The last of the warmth from the hangar left Lareet's blood.

Arron went on. “Set one Of the command center cameras to…” He paused, and she could hear a faint voice in the background. “Coordinates 16,24,16.”

“Do it,” said to the ovrth at the navigation station.

A section of the central table lit up. In comical unity, commanders turned from the station to the table. The screen showed a grid, the stars and one large, luminous globe right in the center of the view.

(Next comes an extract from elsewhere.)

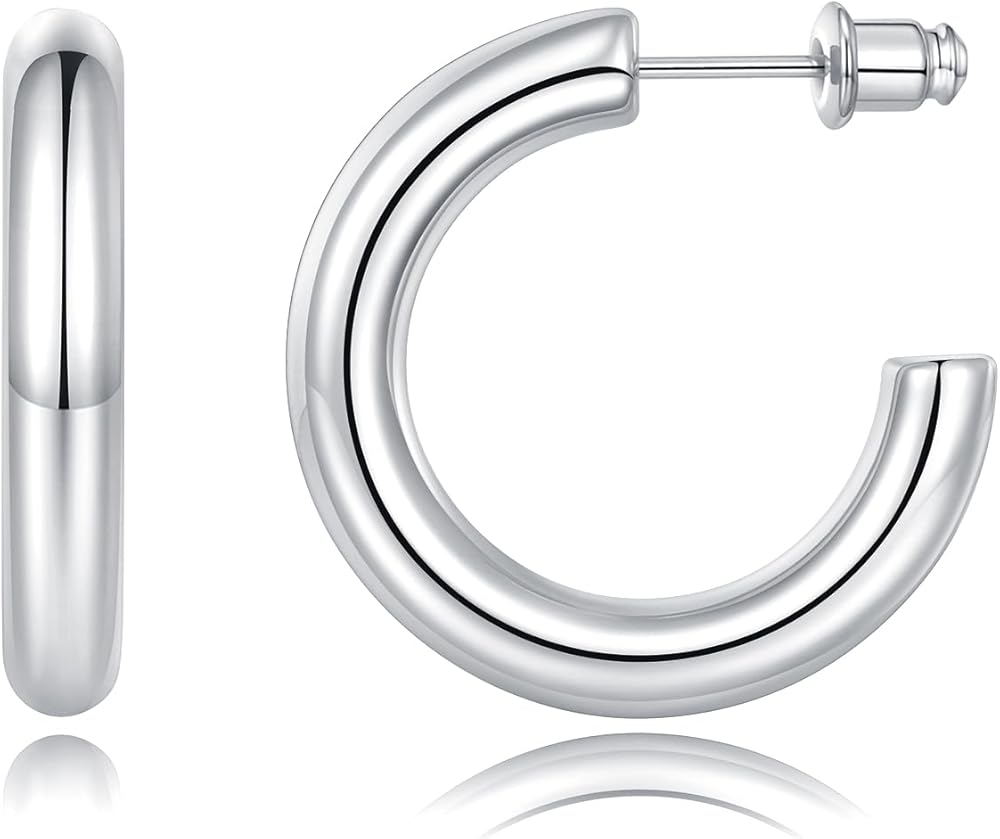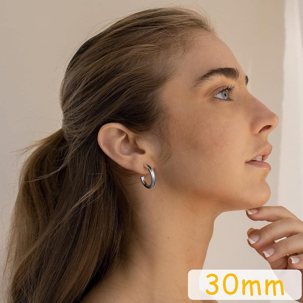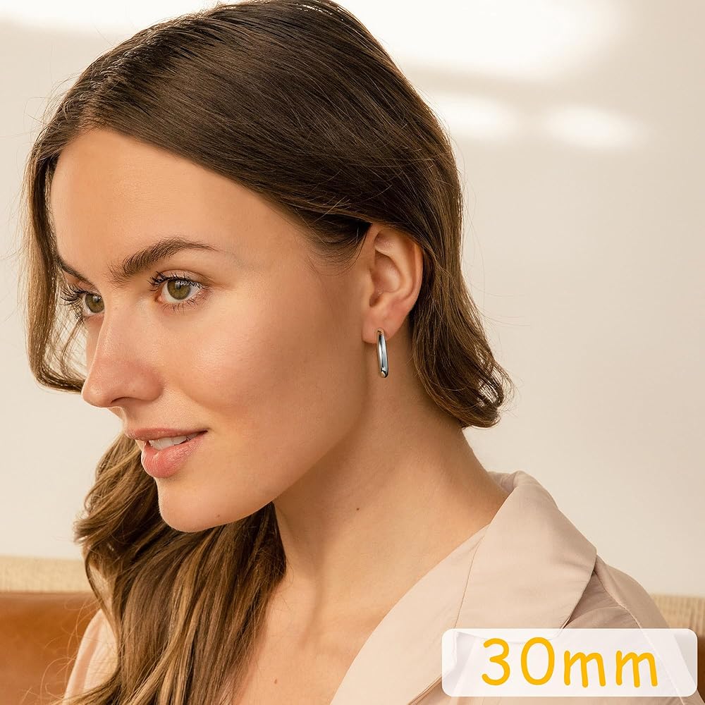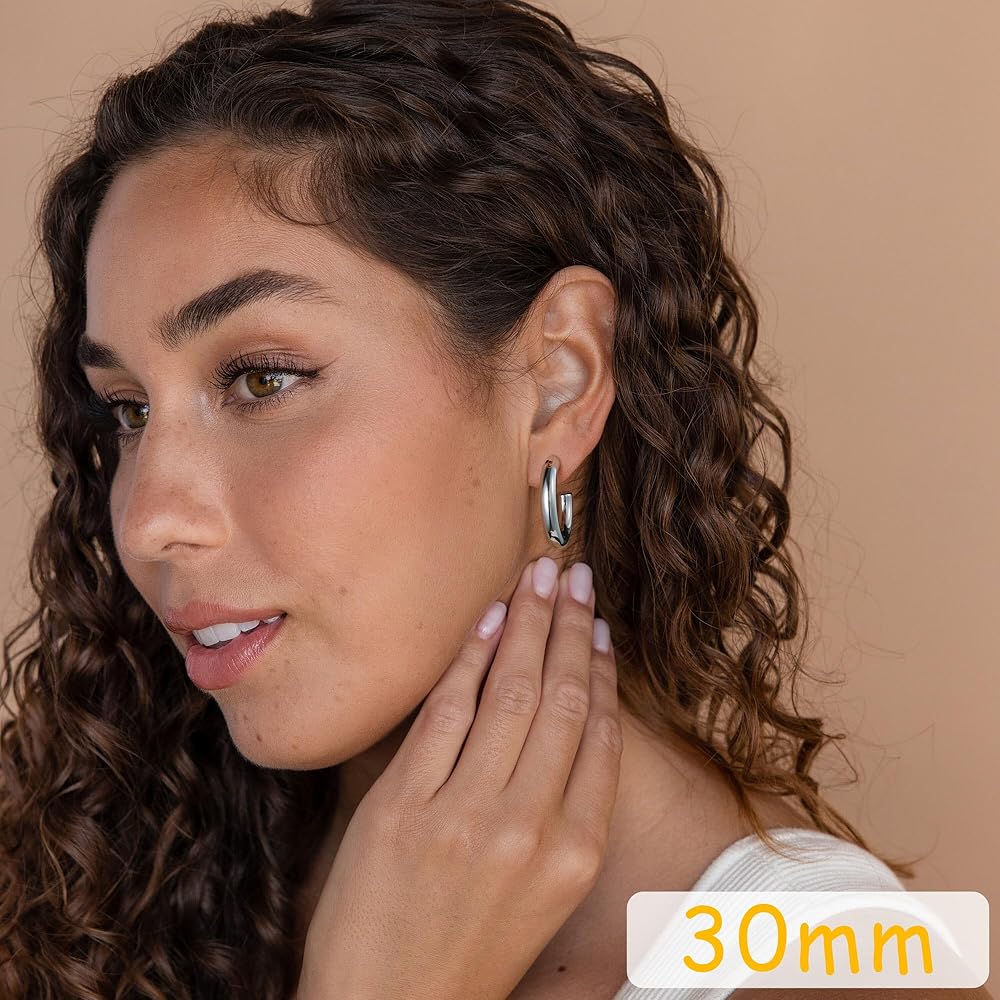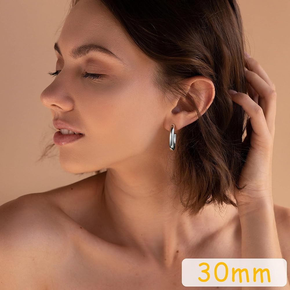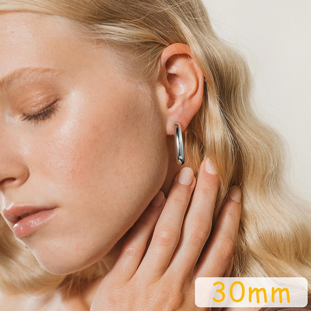 ❤مادة مريحة: هذه الأقراط الفضية المكتنزة للنساء مصنوعة من النحاس المطلي بالفضة والتي لن تسبب ضررًا لأذنيك. مجموعة الأقراط الحلقية مريحة للأذنين الحساسة عند ارتدائها، ولا تتقشر أو تفقد لونها. طلاء مذهل عالي الجودة، خالٍ من الخدوش، وخالي من النيكل، وخالي من الرصاص، ولا يسبب الحساسية.

“What is that?” breathed Umat.

“That's probably us,” answered Arron. “I'm aboard the city-ship
Manhattan
with Commander Keale and Captain Esmaraude. We're on an interception course with your ship.”

The skin crawled across the back of Lareet's neck. Her toes dug at the metal deck. “Arron, what are you doing?”

Arron hesitated. “I'm helping to stop you, Lareet. If you don't break this off, we're going to run the
Manhattan
straight into the
Ur.
You'll all die, and so will we.”

The command center was so silent Lareet could hear her own heart beat like thunder. “Scholar Arron, you can't mean it.”

“Dayisen Lareet, I do. It's all over. The only question is whether we live through it or not.”

Umat left her side and strode over to the sister at the navigation post She whispered in her ears. Lareet barely heard the answer. “Dayisen Umat, that will take at least a half hour to code.”